_What you have to do_.
Quote the records that follow in full and exactly; leave out the pictures.

_Available data_.
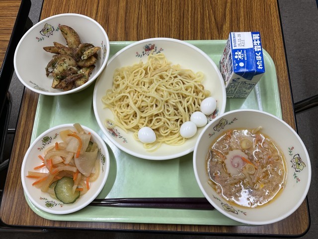 みそラーメン風つけめん、うずらの卵、のり塩ポテト、野菜の南蛮漬け、牛乳 です。
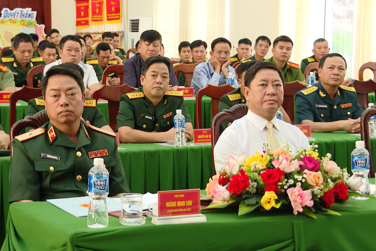 Thiếu tướng Hoàng Minh Sơn, Tư lệnh Binh chủng Đặc công; đồng chí Trần Quốc Nam, Phó Bí thư Tỉnh ủy, Chủ tịch UBND tỉnh Ninh Thuận và các đại biểu tại buổi lễ.
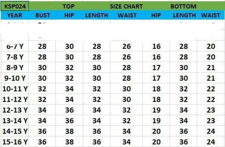 SIZE :- 6 YR|7 YR|8 YR|9 YR|10 YR|11 YR|12 YR|13 YR|14 YR|15 YR|16 YR|
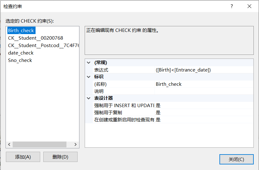 a.为表Student的Birth字段创建检查约束,使输入的生日日期小于系统日期。
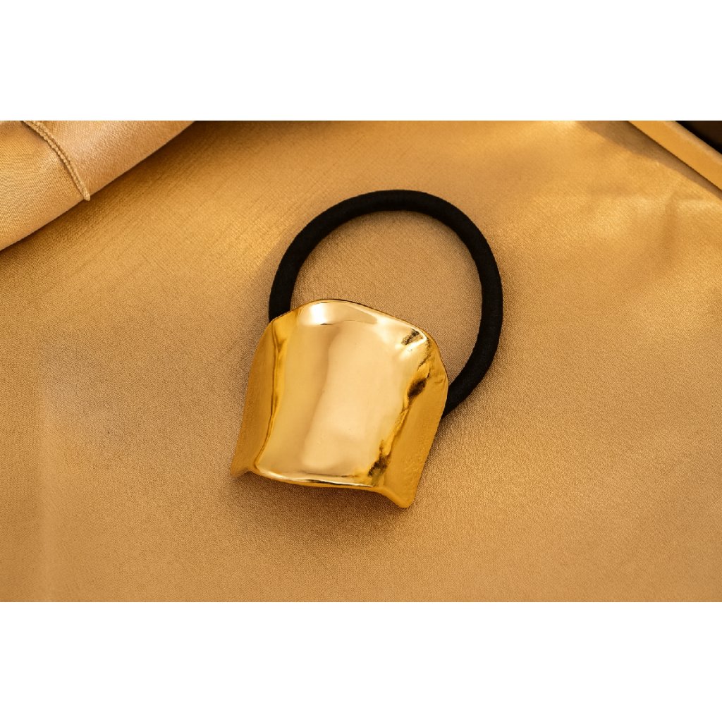 Dodejte svému účesu jedinečný šmrnc s touto designovou gumičkou do vlasů. Dominantní zlatý kovový prvek přitáhne pozornost a udělá i z jednoduchého culíku stylový prvek. Skvěle drží, netahá vlasy a hodí se jak na běžné nošení, tak na večerní příležitosti.
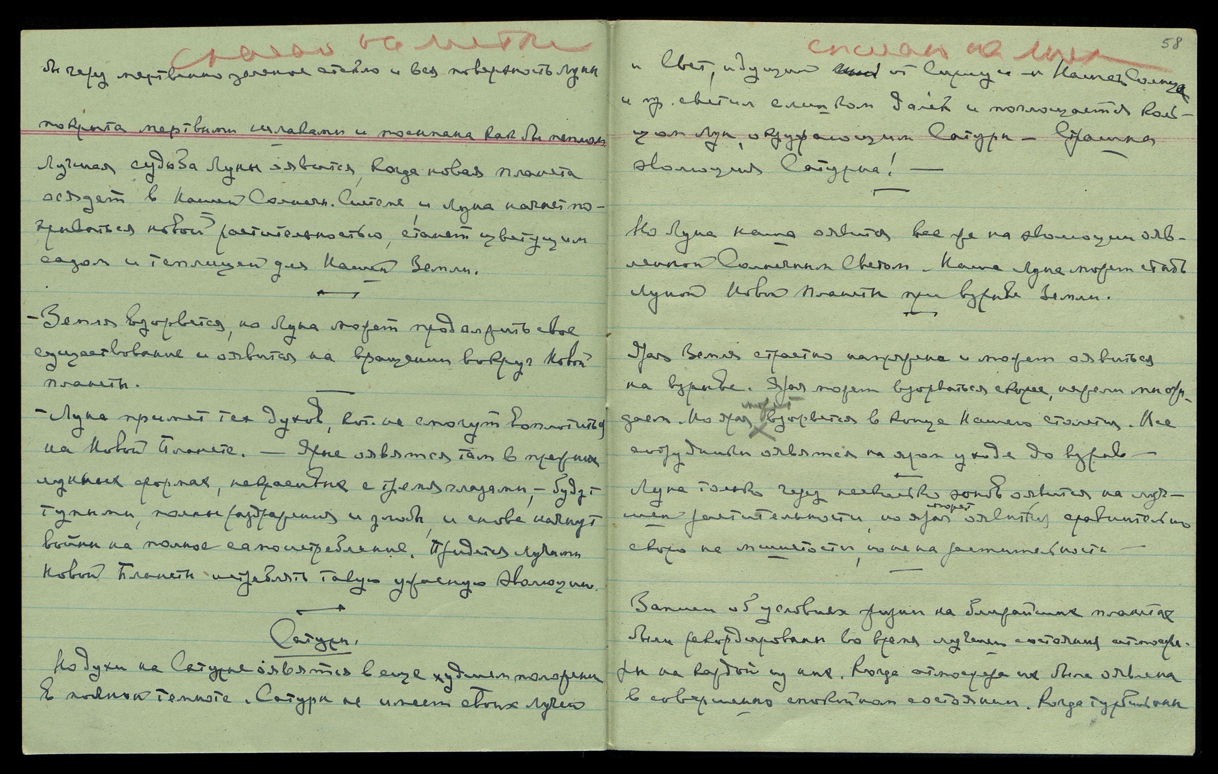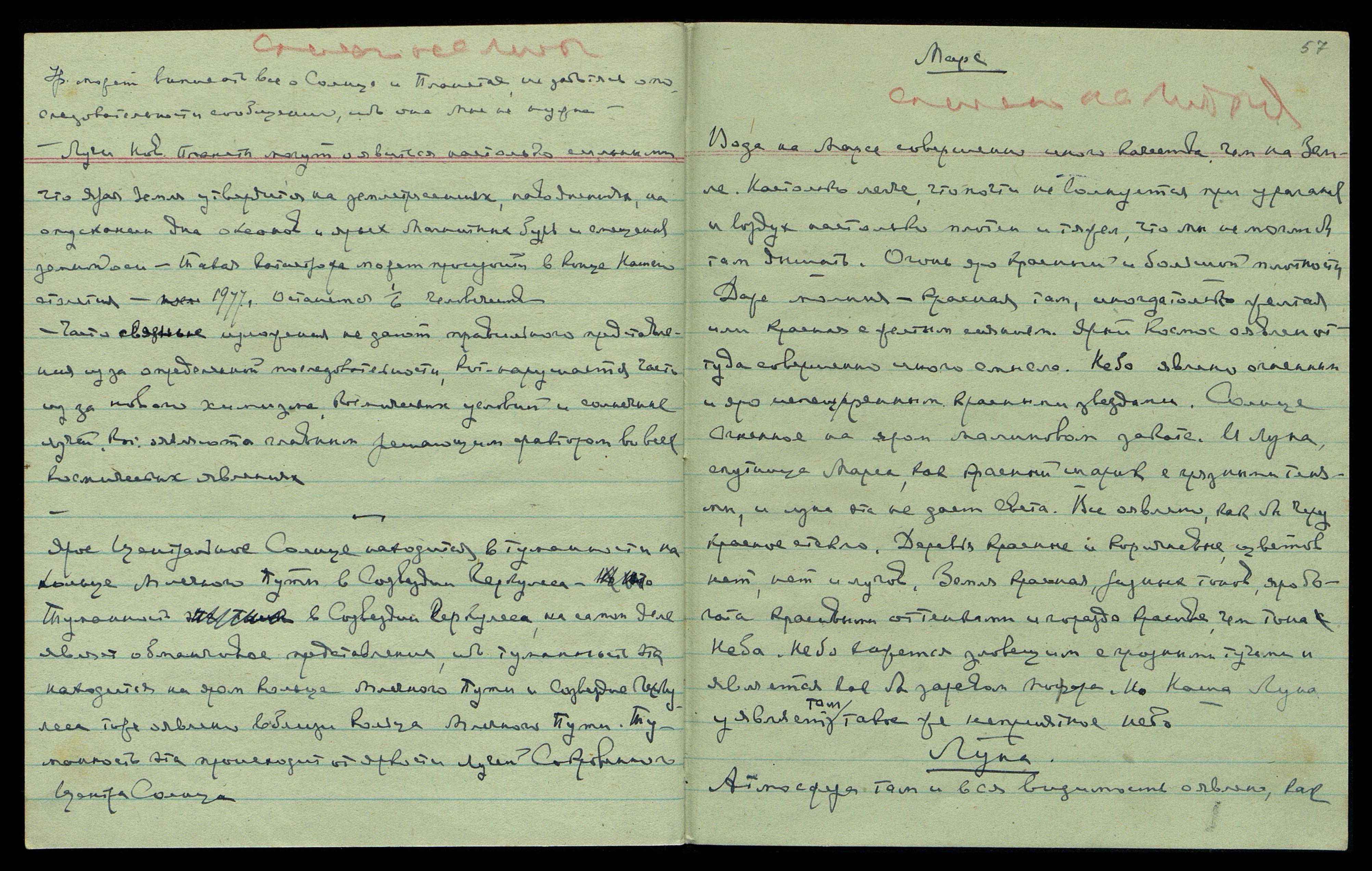 бы через мертвенно зеленое стекло и вся поверхность Луны покрыта мертвыми шлаками и посыпана как бы пеплом. Лучшая судьба Луны оявится, когда новая планета осядет в Нашей Солнечн[ой] Системе, и Луна начнет покрываться новой растительностью, станет цветущим садом и теплицей для Нашей Земли.
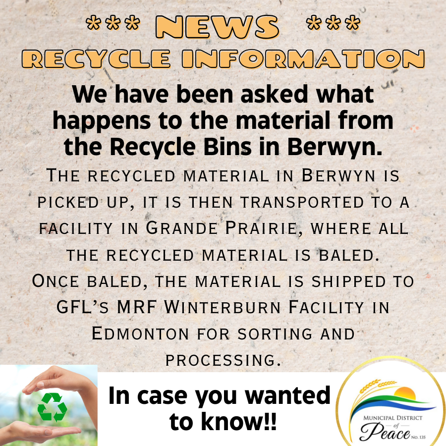 "The recycled material in Berwyn is picked up, it is then transported to a facility in Grande Prairie, where all the recycled material is baled. Once baled, the material is shipped to GFL’s MRF Winterburn Facility in Edmonton for sorting and processing."
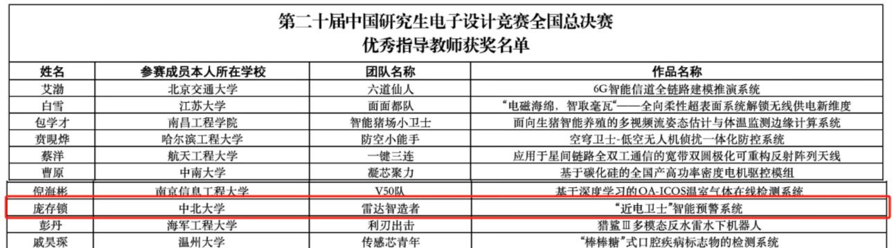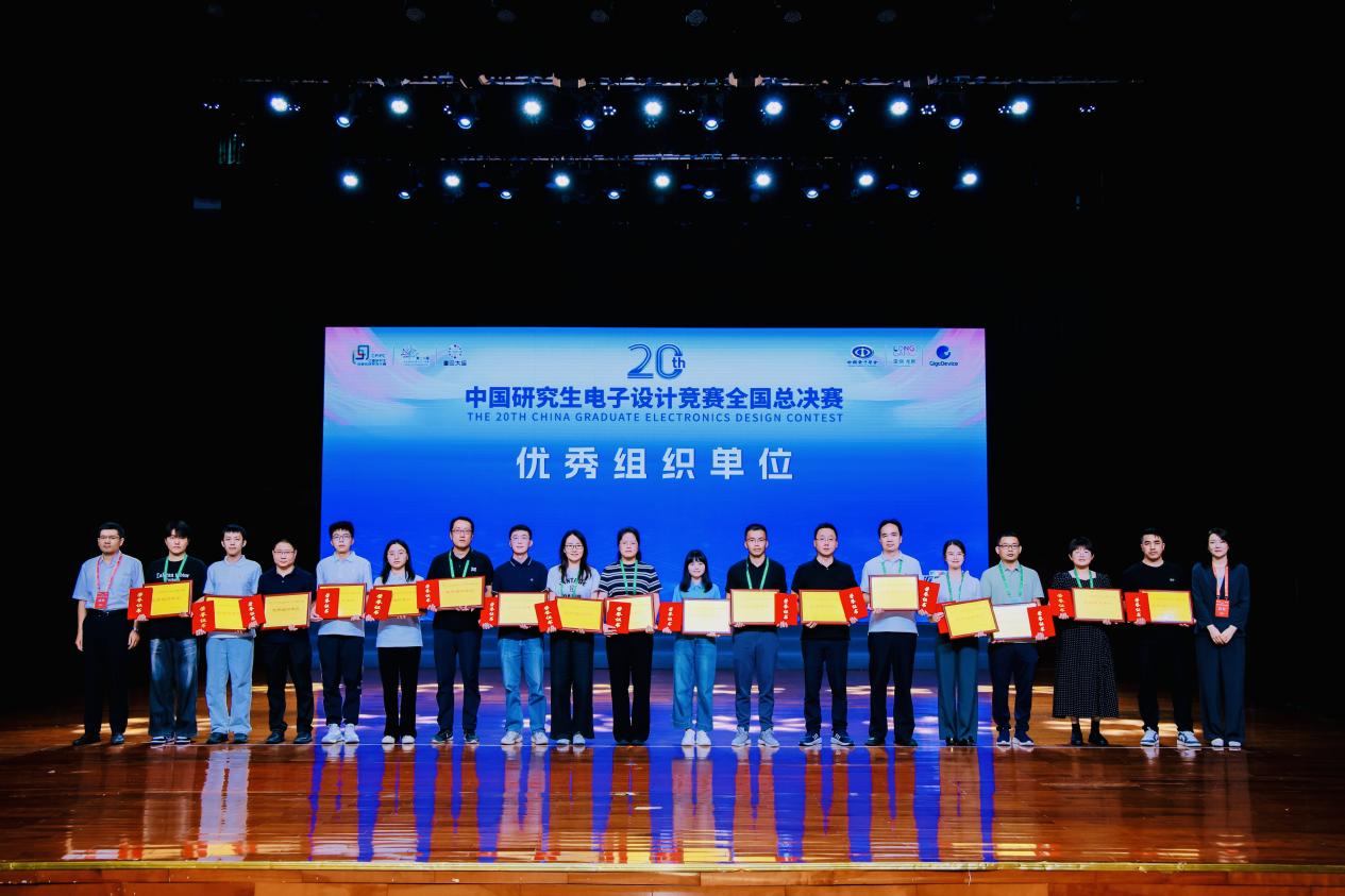 2025年8月14日-17日,“兆易创新杯”第二十届中国研究生电子设计竞赛全国总决赛(以下简称“研电赛”)在深圳信息职业技术大学顺利举行,来自全国各地的635支队伍,经过作品展示及答辩角逐出最终的国家级奖项。我校在总决赛中共获得全国商业计划书一等奖1项、二等奖1项、技术竞赛二等奖3项、企业命题三等奖1项的良好成绩,同时我校庞存锁老师获得优秀指导教师,学校荣获“优秀组织奖”。

_Written solution_.
 みそラーメン風つけめん、うずらの卵、のり塩ポテト、野菜の南蛮漬け、牛乳 です。
 Thiếu tướng Hoàng Minh Sơn, Tư lệnh Binh chủng Đặc công; đồng chí Trần Quốc Nam, Phó Bí thư Tỉnh ủy, Chủ tịch UBND tỉnh Ninh Thuận và các đại biểu tại buổi lễ.
 SIZE :- 6 YR|7 YR|8 YR|9 YR|10 YR|11 YR|12 YR|13 YR|14 YR|15 YR|16 YR|
 a.为表Student的Birth字段创建检查约束,使输入的生日日期小于系统日期。
 Dodejte svému účesu jedinečný šmrnc s touto designovou gumičkou do vlasů. Dominantní zlatý kovový prvek přitáhne pozornost a udělá i z jednoduchého culíku stylový prvek. Skvěle drží, netahá vlasy a hodí se jak na běžné nošení, tak na večerní příležitosti.
 бы через мертвенно зеленое стекло и вся поверхность Луны покрыта мертвыми шлаками и посыпана как бы пеплом. Лучшая судьба Луны оявится, когда новая планета осядет в Нашей Солнечн[ой] Системе, и Луна начнет покрываться новой растительностью, станет цветущим садом и теплицей для Нашей Земли.
 "The recycled material in Berwyn is picked up, it is then transported to a facility in Grande Prairie, where all the recycled material is baled. Once baled, the material is shipped to GFL’s MRF Winterburn Facility in Edmonton for sorting and processing."
 2025年8月14日-17日,“兆易创新杯”第二十届中国研究生电子设计竞赛全国总决赛(以下简称“研电赛”)在深圳信息职业技术大学顺利举行,来自全国各地的635支队伍,经过作品展示及答辩角逐出最终的国家级奖项。我校在总决赛中共获得全国商业计划书一等奖1项、二等奖1项、技术竞赛二等奖3项、企业命题三等奖1项的良好成绩,同时我校庞存锁老师获得优秀指导教师,学校荣获“优秀组织奖”。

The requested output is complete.